Around the same time Bush was developing the concept of the Memex machine, H.G. Wells was imagining collective intelligence through his concept of a World Brain. He formulated this idea in a collection of scientific essays about "constructive sociology, the science of social organisation" ("World Brain" xi) collected in his book, World Brain. Here he proposed that only well-coordinated human thinking and research could solve the massive problems threatening humanity. In the 1995 edition of World Brain, Alan Mayne writes a seventy-page introduction on contemporary technological developments, particularly the Web, that parallel Wells's ideas. Without any knowledge of computer systems, Wells proposed the World Brain as a continuously updated and revised comprehensive encyclopaedia as a result of a systematic collaborative effort of a world-wide group of scholars, intellectuals, and scientists.
Alongside Bush's Memex, Wells's vision was prophetic of Douglas Engelbart's ideas about collective intelligence through the use of technology. Directly inspired by Bush, Engelbart pursued his vision and, among other key innovations, succeeded in developing a mouse pointing device for on-screen selections. Drawing on his experience as a radar operator in World War II, Engelbart envisioned how computers could visualise information through symbols on the screen: "When I saw the connection between the cathode-ray screen, an information processor, and a medium for representing symbols to a person, it all tumbled together in about a half an hour" (Rheingold, "Virtual Community," 65). Engelbart's seminal essay, "The Augmentation of Human Intellect," in turn came to the attention of J.C.R. Licklider, who had also been thinking about the connection between human brains and computers. Licklider's equally visionary paper around the same time, "Man-Computer Symbiosis," predicted a tight partnership of machines and humans in which machines would do the repetitive tasks, thereby allowing humans more time to think (Licklider).

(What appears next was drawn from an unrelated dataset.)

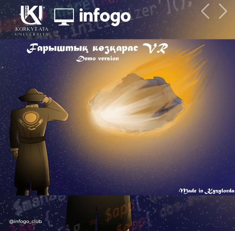 - «Іnfogo club» IT ұйымы жақында ашылды. Ұйымның мақсаты – IT саласына қызығушылығы бар жастарды бір алаңға жинау. Жай ғана оқыту емес, теориямен қатар практиканы қолданып, қоғамға маңызы бар жаңа жобаларды іске асыру. Алғашқы жобаларымыздың бірі виртуалды шындық әлеміне бағытталды. Жоба қолдануға дайын. Қызылорда қаласының тұрғындарына жобаны таныстырып, сынақ кезеңін өткіздік. Нәтижесі өте жақсы. Тұрғындарға ұнады. Қызығушылық танытып, қолдау білдіргендерге алғыс білдіреміз, -деді Қорқыт ата атындағы Қызылорда университетінің студенті, «Іnfogo club» IT ұйымының төрағасы Ғұбайдулла Орынбеков.

At the Massachusetts Institute of Technology where he was a researcher and professor and also affiliated with the top-secret DOD research facility, Lincoln Laboratory (also associated with MIT), Licklider, together with his graduate student, Evan Sutherland, helped usher in the field of computer graphics. Later he moved to the Advanced Research Projects Agency (ARPA) and, through his Defence Department connections, funded Engelbart's Augmentation Research Centre (ARC) at the Stanford Research Institute which produced the first word processors, conferencing systems, hypertext systems, mouse pointing devices and mixed video and computer communications. Engelbart's ARC became the original network information centre that centralised all information gathering and record keeping about the state of the network. Engelbart was particularly concerned with "asynchronous collaboration among teams distributed geographically" (Rheingold, "Virtual Community," 72).